Tienes ganas de tabaco, tienes ganas de sentarte en la barra de tu bar y pedirte un agua con gas. Tienes ganas de encender un cigarro y ponerte a hablar con alguien, con cualquier desconocido. La máquina de dardos, las mesas al final del local, las tetas de la camarera. Todo eso es lo que echas de menos. Estar aquí, en tu barrio, lo único que consigue es agravar ese dolor. La herida sigue estando abierta y deseas que se prenda y estalle en un dolor insoportable para que desaparezca de tu vida. La noche continúa avanzando.

Enciendes otro cigarro y con él viene la música. Otra canción, una nueva canción. Esta vez Enter Sandman de Metallica. La maldita luz de la luna crea sombras, escondites, claroscuros que empiezan a ponerte nervioso. Fumas a un ritmo constante, continuo, fumas como si fuera parte de tu vida. Fumas.
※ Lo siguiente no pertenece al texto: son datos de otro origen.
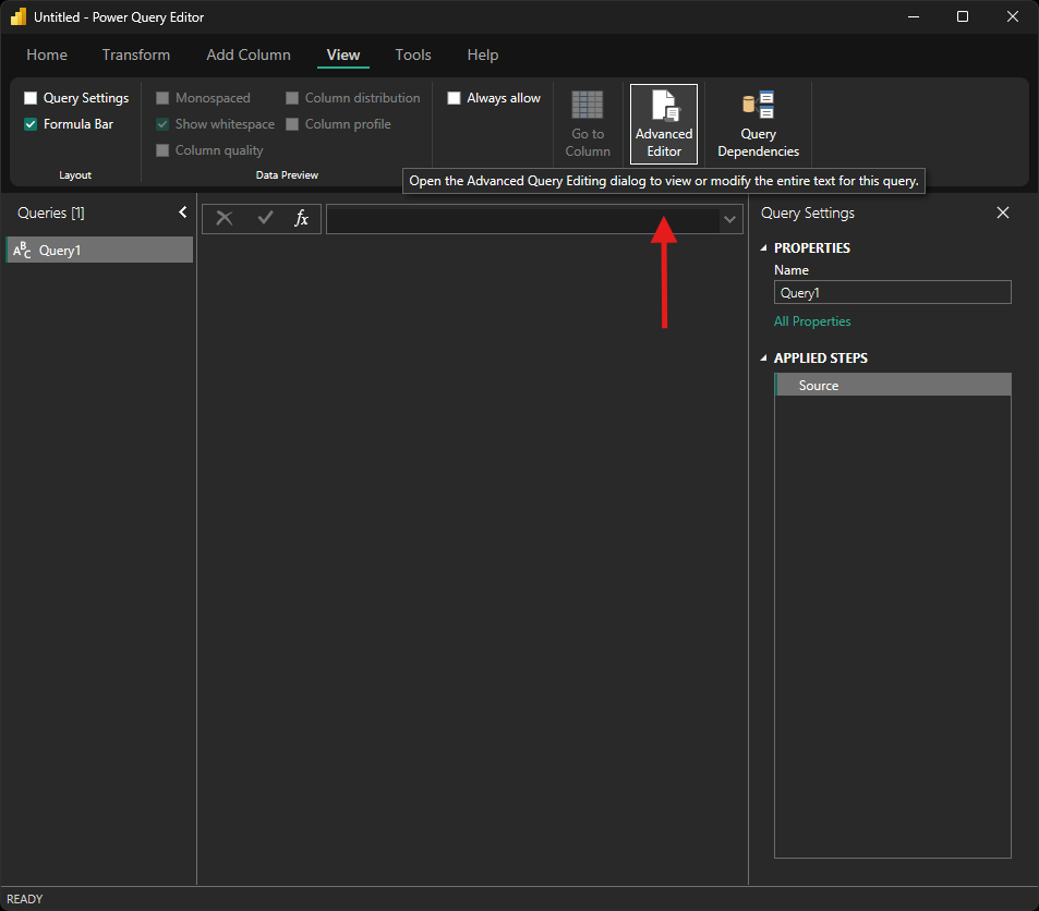 Once the Power Query Editor has loaded, navigate to the "Advanced Editor" which is located under the "View" tab.

No puedes mirar debajo de la cama, pero las zonas de oscuridad que generan los depósitos de agua van poniéndote nervioso. Se acelera tu ritmo cardíaco. La canción sigue sonando en tu cabeza. La voz va entrando en ti. Tienes miedo, miedo a la oscuridad, a lo desconocido. Tiemblas como un niño.

Ana duerme.

Has bajado hasta su cuarto y puedes verla dormir tranquila. Sus tebeos descansan en la mesita. Te acuestas. La canción vuelve a sonar. Metallica, Enter Sandman. El arenero, los miedos infantiles, este barrio, este barrio maldito.

Te duermes.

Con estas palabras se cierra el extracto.